*** Input data
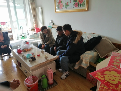 活动中,志愿队师生一行来到村居改造后老人的新家,亲切地同老人聊家常,深入了解老人目前的身体状况、社会保障情况和日常生活状况,仔细询问老人对日常结对帮扶过程的需求。交谈中,志愿者同学们向老人汇报了自己过去的一年里在思想、学习、工作、生活等各个方面的成长与收获。徐爷爷是有53年党龄的老党员,他向师生们分享了自己的入党初心,讲述了新中国成立七十年来祖国发生的翻天覆地的变化,同时勉励同学们珍惜时光、好好学习,用真本事实现自己的理想、为祖国争光,给同学们上了一堂生动的党课。此次活动,志愿者还为老人带去了新春慰问品和过年的新衣,并向老人致以新春问候。
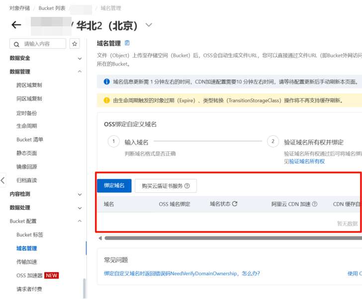 2、在存储桶域名管理处不绑定域名:
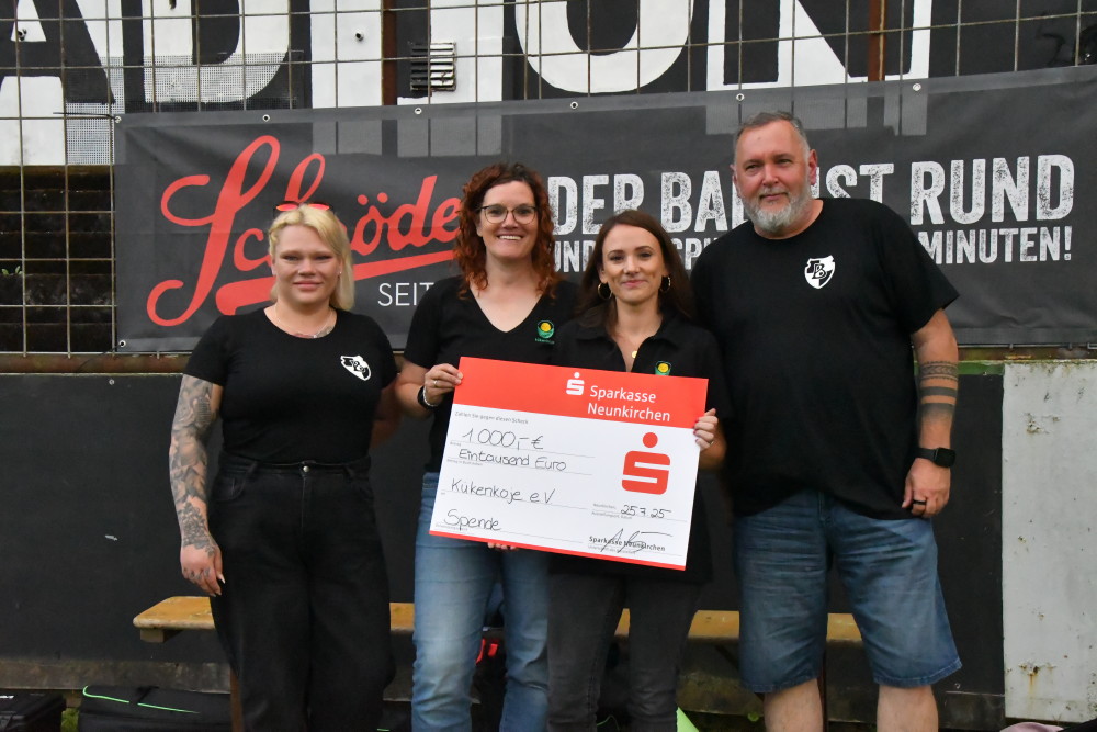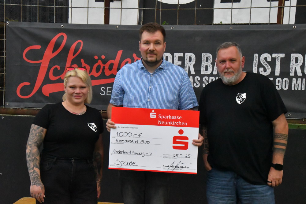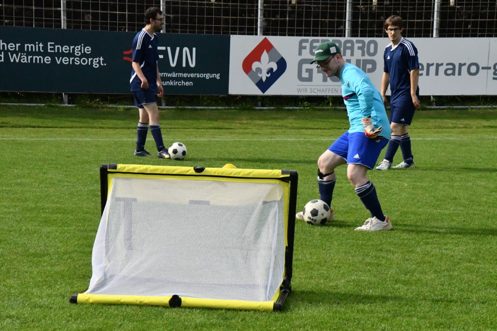 Lange Gesichter gibt es bei Borussia nach dem offiziellen Saisoneröffnungsspiel der Saarlandliga gegen den 1. FC Saarbrücken II. Sehr effiziente Malstätter stehlen mit 2:1 die drei Punkte aus dem Ellenfeld, obwohl die Borussen nach Jan Luca Rebmanns schnellem Ausgleichstreffer (Foto oben/-jf-) unmittelbar nach der Pause (46.) das Momentum auf ihrer Seite haben. Aber Chancenwucher verhindert ein weiteres Tor. Die Gäste dagegen werden zum Party-Crasher und schlagen eine Viertelstunde vor Schluss an diesem lauen Sommerabend eiskalt zu. „Saarbrücken schockt Neunkirchen“, titelt am nächsten Tag die „Saarbrücker Zeitung“ (SZ). Positiv in Erinnerung bleibt von diesem Abend die sozialen Aktionen im Ellenfeld: Sowohl die „Kinderinsel“ als auch die „Kükenkoje“ erhalten einen großzügigen Spendenscheck (Fotos unten/-jf-), die junge Menschen mit Handicap aus der Saarpfalz-Werkstatt absolvieren auf dem „heiligen Rasen“ des altehrwürdigen Stadions eine Trainingseinheit (Foto unten/-jf-) und zeigen dabei mitunter erstaunliche fußballerische Qualitäten!
******
→ Your instructions
When you reproduce the data shown above, keep each line exact and omit every picture.

→ Result for this task
 活动中,志愿队师生一行来到村居改造后老人的新家,亲切地同老人聊家常,深入了解老人目前的身体状况、社会保障情况和日常生活状况,仔细询问老人对日常结对帮扶过程的需求。交谈中,志愿者同学们向老人汇报了自己过去的一年里在思想、学习、工作、生活等各个方面的成长与收获。徐爷爷是有53年党龄的老党员,他向师生们分享了自己的入党初心,讲述了新中国成立七十年来祖国发生的翻天覆地的变化,同时勉励同学们珍惜时光、好好学习,用真本事实现自己的理想、为祖国争光,给同学们上了一堂生动的党课。此次活动,志愿者还为老人带去了新春慰问品和过年的新衣,并向老人致以新春问候。
 2、在存储桶域名管理处不绑定域名:
 Lange Gesichter gibt es bei Borussia nach dem offiziellen Saisoneröffnungsspiel der Saarlandliga gegen den 1. FC Saarbrücken II. Sehr effiziente Malstätter stehlen mit 2:1 die drei Punkte aus dem Ellenfeld, obwohl die Borussen nach Jan Luca Rebmanns schnellem Ausgleichstreffer (Foto oben/-jf-) unmittelbar nach der Pause (46.) das Momentum auf ihrer Seite haben. Aber Chancenwucher verhindert ein weiteres Tor. Die Gäste dagegen werden zum Party-Crasher und schlagen eine Viertelstunde vor Schluss an diesem lauen Sommerabend eiskalt zu. „Saarbrücken schockt Neunkirchen“, titelt am nächsten Tag die „Saarbrücker Zeitung“ (SZ). Positiv in Erinnerung bleibt von diesem Abend die sozialen Aktionen im Ellenfeld: Sowohl die „Kinderinsel“ als auch die „Kükenkoje“ erhalten einen großzügigen Spendenscheck (Fotos unten/-jf-), die junge Menschen mit Handicap aus der Saarpfalz-Werkstatt absolvieren auf dem „heiligen Rasen“ des altehrwürdigen Stadions eine Trainingseinheit (Foto unten/-jf-) und zeigen dabei mitunter erstaunliche fußballerische Qualitäten!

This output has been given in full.